Article 32 — Of the Marriage of Priests

Bishops, Priests, and Deacons, are not commanded by God’s Law, either to vow the estate of single life, or to abstain from marriage: therefore it is lawful for them, as for all other Christian men, to marry at their own discretion, as they shall judge the same to serve better to godliness.

The effect of this Article was to put marriage and singleness on the same spiritual plane in the Church of England.

Singleness, which meant a calling not to enter sexual relations which we call “celibacy”, had become the rule for clergy in the mediaeval Roman Catholic Church, and remains the rule there today. But as it appears in the New Testament that those in Christian leadership could be married (1 Timothy 3:1-13) and the Reformation wanted to put Scripture back as the supreme authority for the Church (see Articles 6 and 20), so marriage was to be made possible for the clergy — whose conduct was to be on the same level as “for all other Christian men”.

In this respect the Article is saying there is no difference between clergy and laity, what matters is God’s law and godliness for everyone in the Church, and as far as sex is concerned that means singleness or marriage.

It’s worth noting that the elevation of celibacy for the clergy developed quite early on in the Church’s life. Jesus and Paul were of course celibate, even though in Jewish culture marriage was regarded as normal. As the Church grew into the Gentile world, there were many other kinds of sexual relationships going on (see 1 Corinthians 6:9-11) and in 1 Corinthians 7 Paul addresses the challenges of Christian ministry and the call to singleness or marriage.
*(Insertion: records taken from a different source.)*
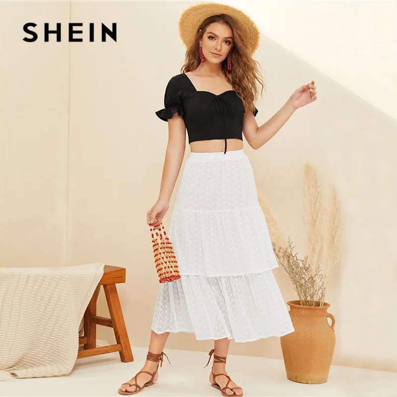 discounted SHEIN Bow Front Shirred Back Crop Top 2019 Boho Beach Sweetheart Neck Black Summer Blouse Cute Slim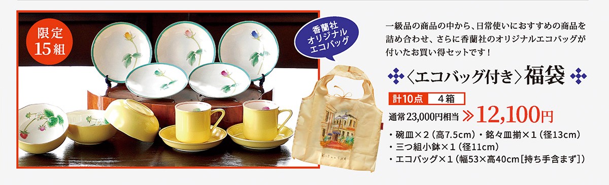 人気の香蘭社オリジナルエコバッグに入った大変お得な福袋です!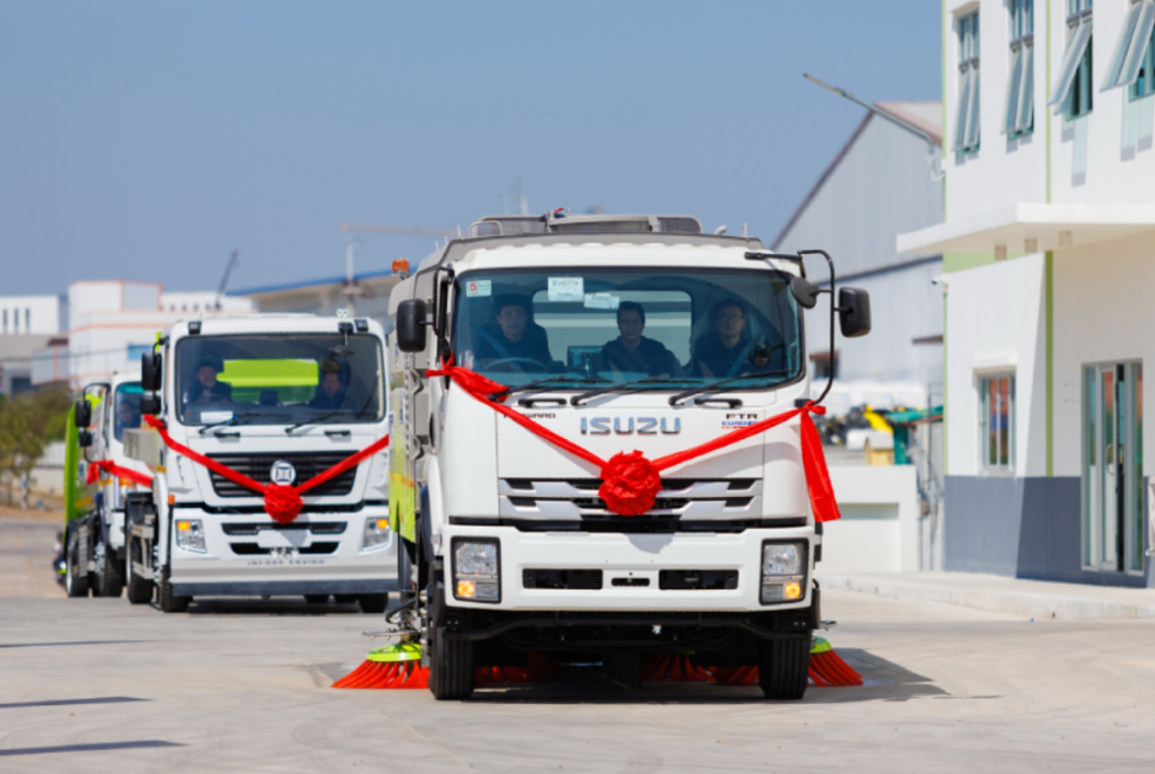 10立方米垃圾压缩车装载能力比行业传统产品高出10%,杜绝污水滴漏,高效破解垃圾处理难题;6立方米纯电动清洗车装水容积领先行业20%以上,作业能耗降低10%;8立方米扫路车清扫能力强,作业油耗低,能替代60名人工,每年可节约675万泰铢。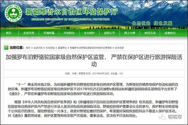 根据新疆维吾尔自治区环境保护厅官网上公布的《加强罗布泊野骆驼国家级自然保护区监管,严禁在保护区进行旅游探险活动》。文件明确强调,新疆罗布泊野骆驼国家级自然保护区内严禁进行非法人类活动,包括旅游探险活动。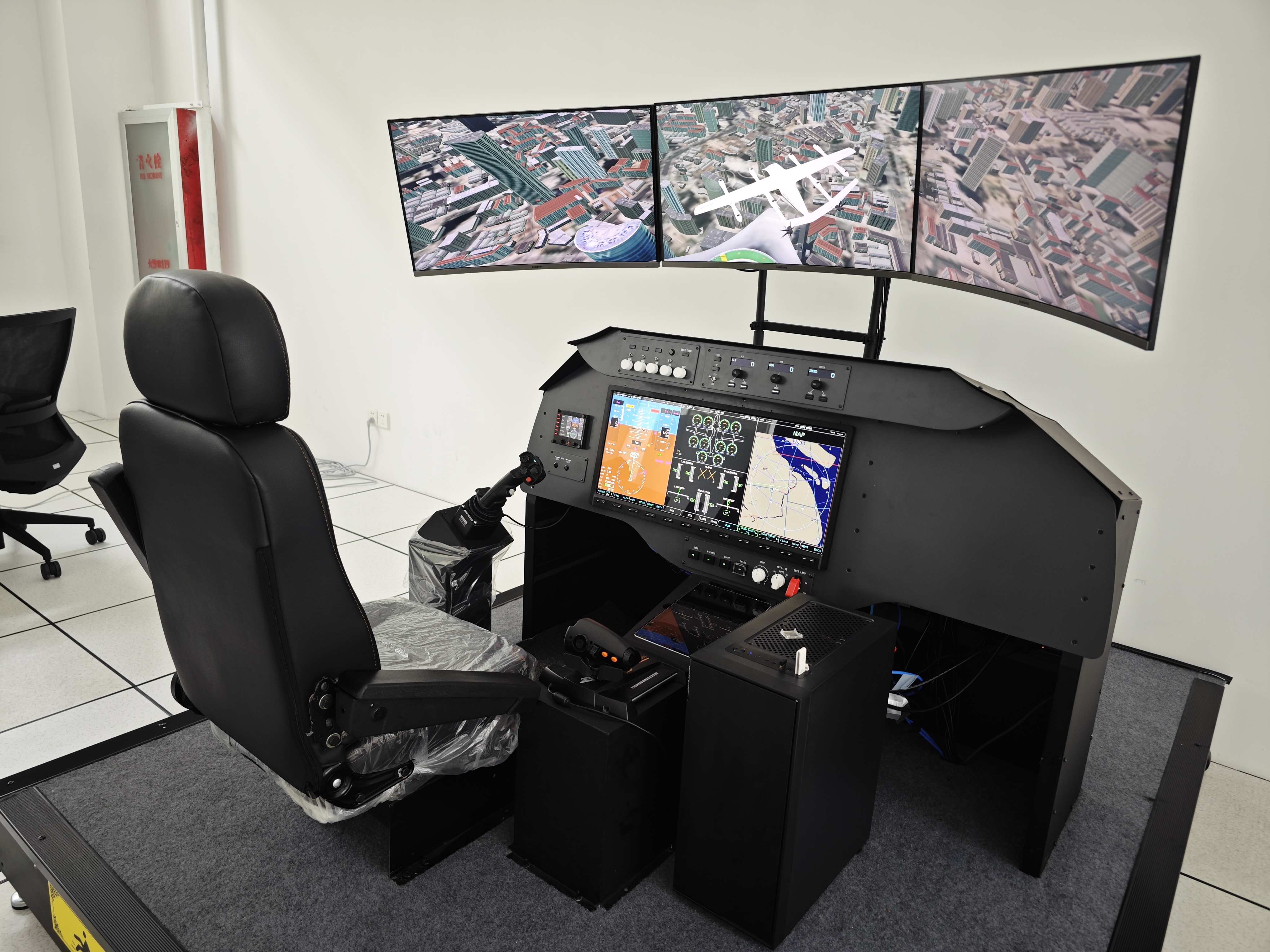 2、eVTOL駕駛艙模擬器:1:1 仿真復(fù)合翼eVTOL飛行器座艙,集成了先進的大屏幕儀表系統(tǒng)和多種真實機載航電設(shè)備,可接入增強視景系統(tǒng),可加載飛行器空控制律,設(shè)計有教員管理軟件。真實的儀表反饋與外部視景,可配置不同的操作方式用于飛行員評估與飛行培訓(xùn)。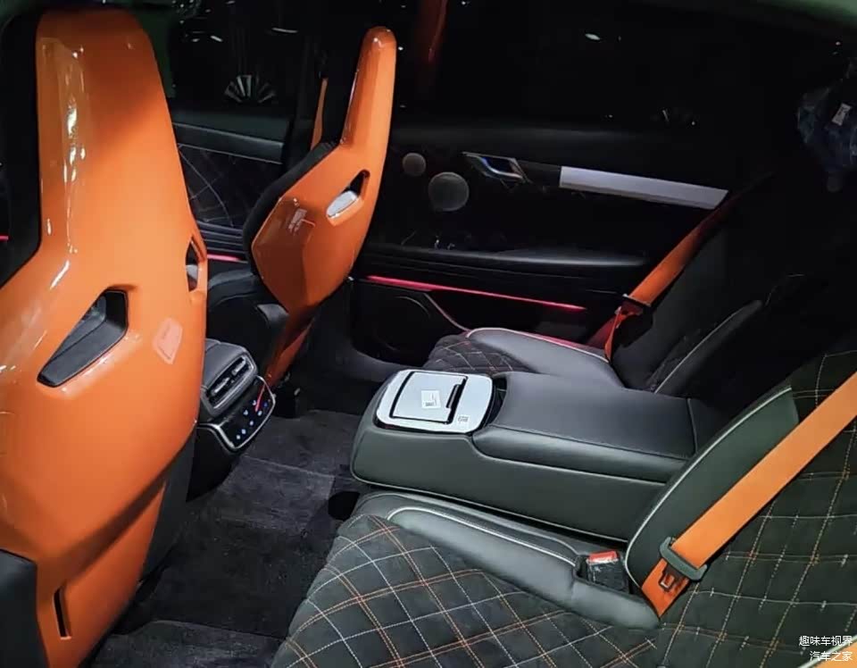 内饰以豪华与运动融合为核心,大量运用Alcantara面料与碳纤维饰板,兼顾轻量化与精致质感,与外观运动格调形成呼应。座舱配备带有橙色背板的Recaro运动座椅,采用黑白橙撞色菱形缝线设计,包裹性极强,适配激烈驾驶场景,方向盘配备橙色回正标记,细节处凸显性能基因。中控区域保留家族式布局,融入碳纤维饰板点缀,配备全液晶仪表与悬浮式中控屏,实现车辆状态与赛道数据实时显示,兼顾实用性与科技感,每一处细节均经过手工打磨,凸显限量车型的专属质感。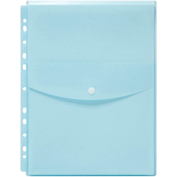 The Marbig binder wallet makes filing easy with its top button closure and is offered in a variety of popular pastel colours

There were good reasons why Christian ministers could be celibate which gradually took hold in the early centuries until it became a badge of special holiness to be single. The new monastic communities expressed this in the vows of poverty, chastity, and obedience.

In welcoming the biblical rebalancing of Article 32, it’s worth us asking whether we haven’t in recovering marriage, lost something of that honouring of the single life. But the Bible does honour marriage, and the Article allows clergy to bear witness to that goodness as much as any other Christian.

But some think that the phrase “at their own discretion” means we can decide what marriage is as well as who we marry. Mike Ovey, in an article from Themelios in 2013 (Colonial Atheism: A Very British Vice) refers to the UK government’s legislation on same sex marriage as in effect saying “marriage belongs to the UK Government. It belongs to it in the sense it has the right to define and shape it. It has the right to name what is and is not marriage.”

That is not how Article 32 sees marriage. For the Article, marriage and singleness are defined and shaped and “named” by God through his law and commandments. The doctrine of marriage assumed by the Article is that set out in the Book of Common Prayer service “The solemnisation of holy matrimony” which includes a beautiful description of marriage as well as this distinction: “For be ye well assured, that so many as are coupled together otherwise than God’s word doth allow are not joined together by God; neither is their matrimony lawful”. Same-sex marriage may be lawful to the state, but that does not make it lawful to God.

God’s law and commandment are the ground of the truth of marriage, and the goal is godliness. The question, unusual to modern ears, as to whether I should marry or stay single, as well as whether it is allowed by God’s law, is: “will marriage or singleness make me more godly?”

Perhaps you think this is all very well, but what about the real challenges of marriage and singleness? Those who formulated this Article were well aware of the challenges facing the married and the single. If you want to see how marriage in the 16th Century fared in comparison with the 21st Century, you may like to read the Homily on Matrimony in the Second Book of Homilies (1571) which includes the following salutary reminder of the pressures,

“we see how wonderfully the devil deludeth and scorneth this state, how few matrimonies there be without chidings, brawlings, tauntings, repentings, bitter cursings, and fightings. Which things whosoever doth commit, they do not consider that it is the instigation of the ghostly enemy, who taketh great delight therein: for else they would with all earnest endeavour strive against these mischiefs, not only with prayer, but also with all possible diligence.”

The remainder of the Homily is devoted to what that prayer and diligence might look like!

Reading the Article today we might pray for Bishops, Priests, and Deacons we know, married and single. We might pray for all, whatever state they are in, whether married or single. We might ask whether we are doing enough to honour those who “vow the estate of the single life.” Perhaps the Prayer Book could have included a service to solemnise that vow, or perhaps the Church should do so now?

Article 32 was very much a reaction to an abuse in the Church in the past. But we could pray for the abuses that threaten the life of the Church today in relation to marriage, praying for the authority and truth of scripture to shape our common life now as then, that in our experience of Christian marriage amongst the ordained and all Christian people, we may be grounded in God’s law and commandments and come to serve better to godliness.